A LECTURER in East Lancashire is to spearhead a landmark pan-European test case on the pay and pension rights of part-time workers.

Debra Allonby, 42, says she was discriminated against when Accrington and Rossendale College decided to switch all its part-time hourly-paid staff to a national agency that provides contract labour.

She says most of the affected workers were female and the decision impacted unfairly on women part-timers.

Miss Allonby was a part-time lecturer at the college from 1990 until 1996 when the college decided not to renew her annual contract, or that of any of its 341 part-time, hourly-paid staff.

Instead, she and others were told that if they wished to continue working at the college, they would have to become self-employed and work through an agency, Education Lecturing Services (ELS).

The college's move, which the Appeal Court heard was designed to reduce its overheads by £13,000 a year, has led to its involvement in a legal morass which is still by no means over.

Tens of thousands of pounds in legal costs bills have been run up in hearings before an Employment Tribunal, the Employment Appeal Tribunal and now London's Civil Appeal Court.

Three Appeal Court judges ruled that Miss Allonby's claims of sex discrimination over her treatment should be considered for a second time by an Employment Tribunal.

And, in a rare move, they referred the case for the opinion of the European Court of Justice on issues raised on the equal pay and pension rights of part-time workers. Tess Gill, for Miss Allonby, had earlier told the judges that the college's 1996 decision to outsource predominantly female part-time workers amounted to 'a form of segregation.'

"After six years in employment, she was deprived of her career," said Miss Gill.

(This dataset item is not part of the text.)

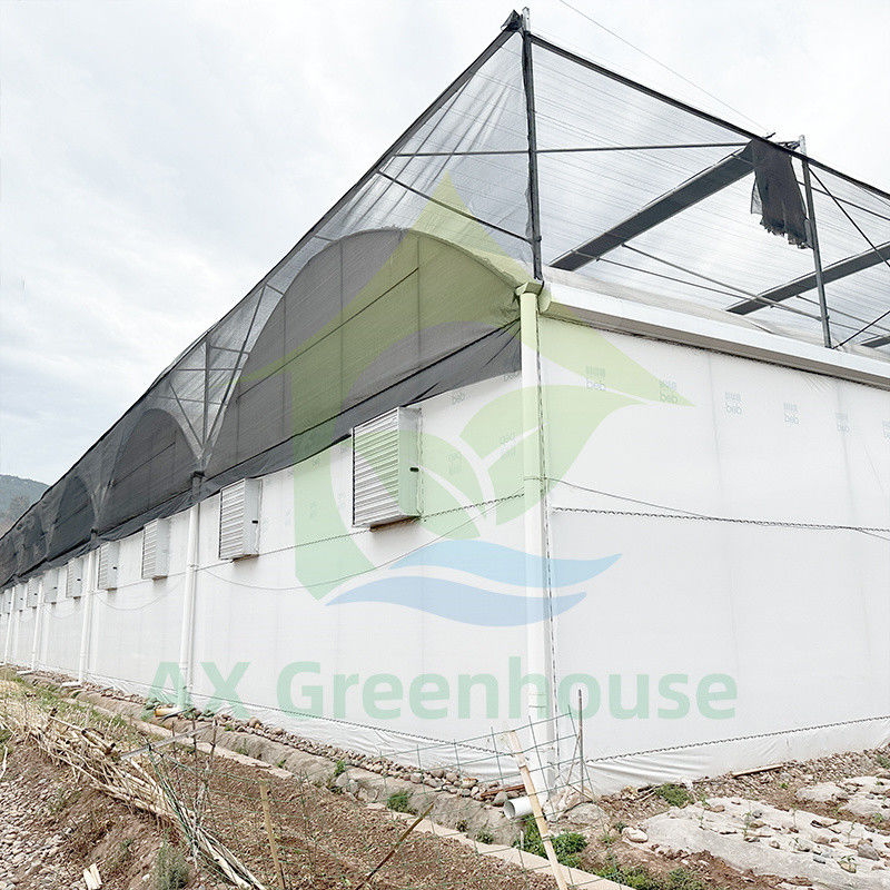 ग्रीनहाउस प्लास्टिक की फिल्म से ढका हुआ है, और दोनों तरफ वेंटिलेशन खिड़कियां हैं। लागत सस्ती और निर्माण करना आसान है। यह कम लागत वाले उत्पादक के लिए पहली पसंद है।

Of the 341 part-time staff affected by the outsourcing decision, 231 were women, she added.

She compared that to the situation of the 105 full-time staff who remained directly employed by the college, 55 of whom were men.

She told the judges the college was in the throes of a cash crisis at the time and was concerned that recent changes in employment law would require it to provide predominantly female part-time lecturing staff with the same benefits as full-timers.